*WHAT THE TASK REQUIRES*: Could you please reproduce the entries exactly, leaving out any pictures?

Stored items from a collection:
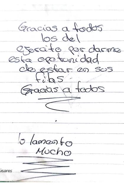En otro fragmento de la carta, Gómez agradeció al Ejército por la oportunidad que tuvo de integrar sus filas. "Gracias a todos. Lo lamento mucho", escribió.
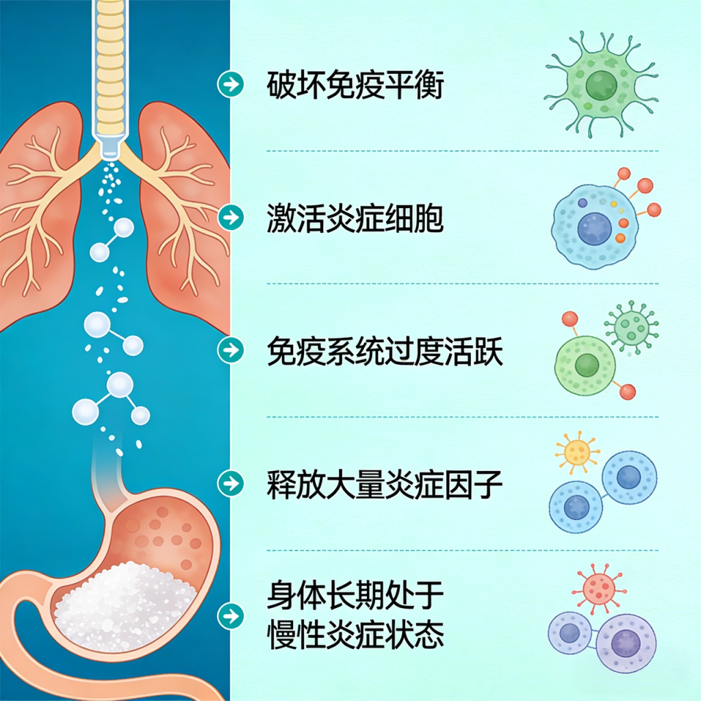 高盐饮食会破坏肠道菌群平衡,导致肠道屏障受损,有害物质更容易进入血液,从而触发全身的炎症反应
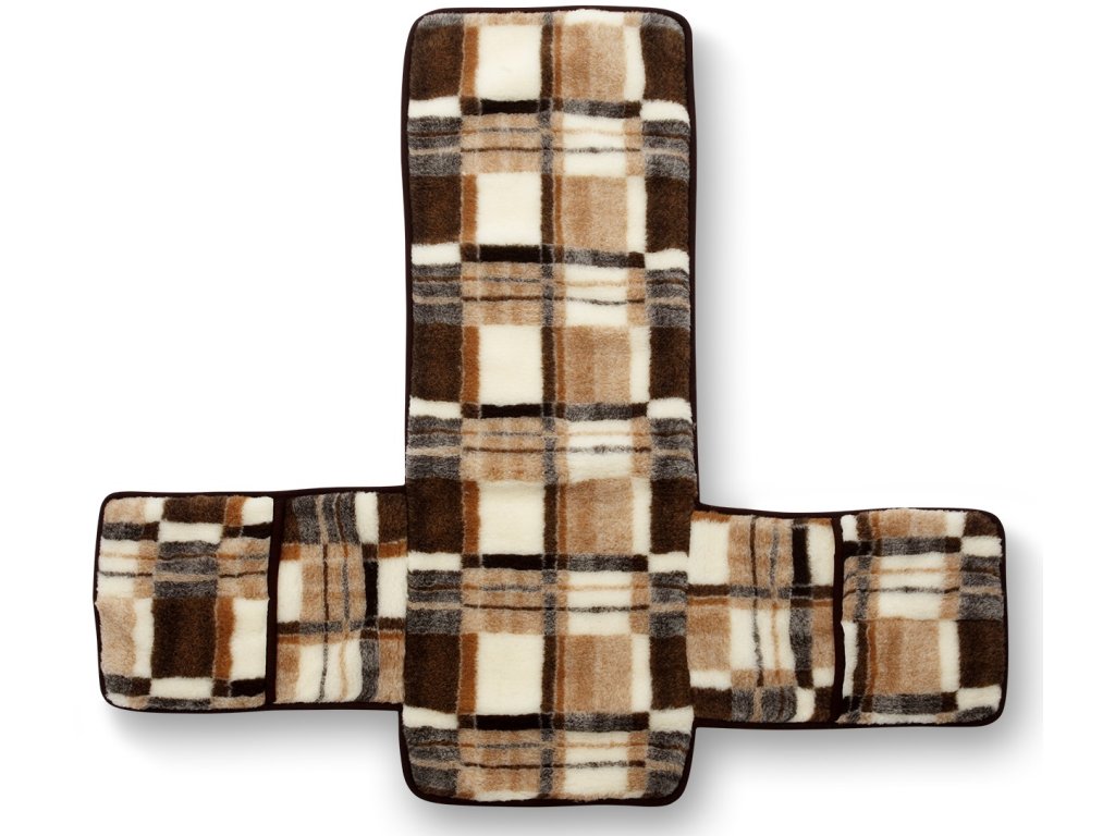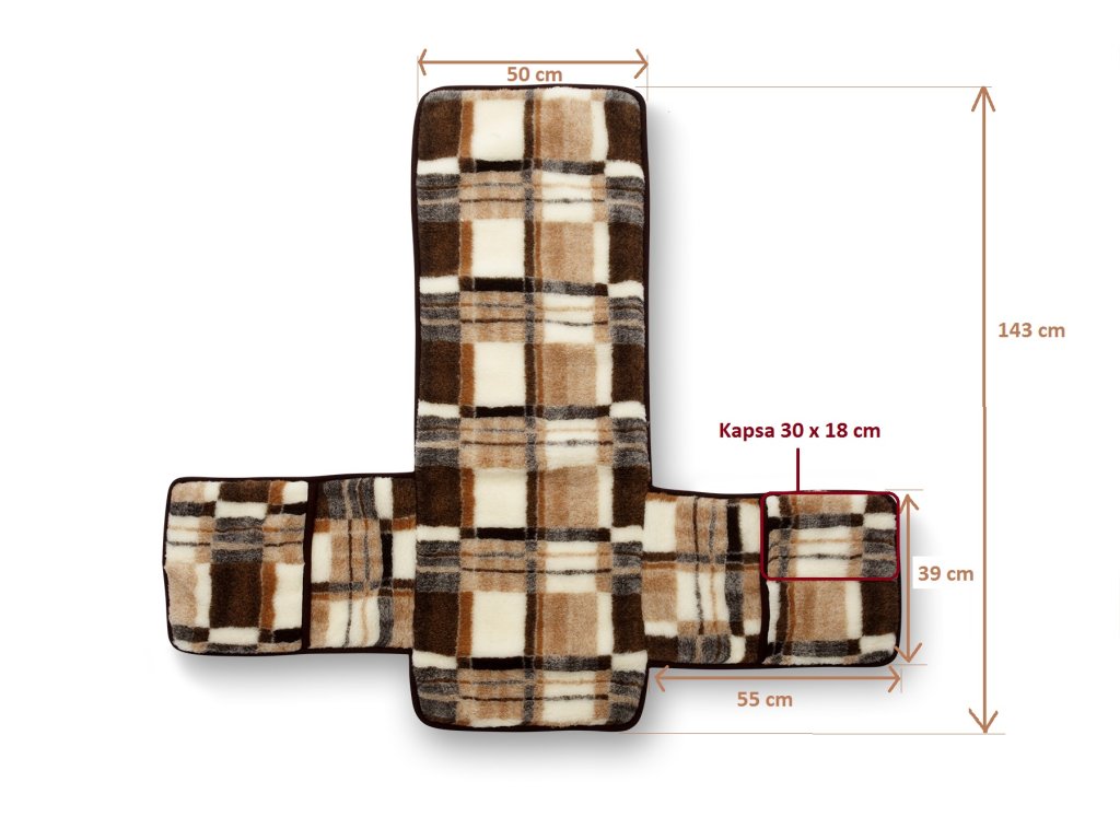 Anyag: 100% juhgyapjú - európai merinó, Méret: teljes ülőfelület - hossz 143 cm x szélesség 50 cm, (lásd a részletes méreteket az alábbi képen), Szín: a hátoldal és az elülső oldalkockás
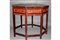 Tavolo esagonale in legno laccato e intagliato a motivi floreali e animali....
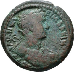 L ΙϚ; Athena standing, right, holding shield and spear; to right, Ares standing, left, holding spear and parazonium
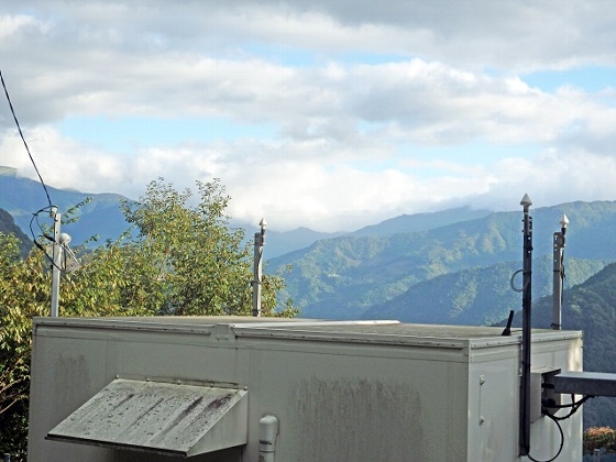遠景です。対面の山からの撮影です。 中継局は、山の中腹です。

*TASK RESPONSE*:
En otro fragmento de la carta, Gómez agradeció al Ejército por la oportunidad que tuvo de integrar sus filas. "Gracias a todos. Lo lamento mucho", escribió.
 高盐饮食会破坏肠道菌群平衡,导致肠道屏障受损,有害物质更容易进入血液,从而触发全身的炎症反应
 Anyag: 100% juhgyapjú - európai merinó, Méret: teljes ülőfelület - hossz 143 cm x szélesség 50 cm, (lásd a részletes méreteket az alábbi képen), Szín: a hátoldal és az elülső oldalkockás
 Tavolo esagonale in legno laccato e intagliato a motivi floreali e animali....
 L ΙϚ; Athena standing, right, holding shield and spear; to right, Ares standing, left, holding spear and parazonium
遠景です。対面の山からの撮影です。 中継局は、山の中腹です。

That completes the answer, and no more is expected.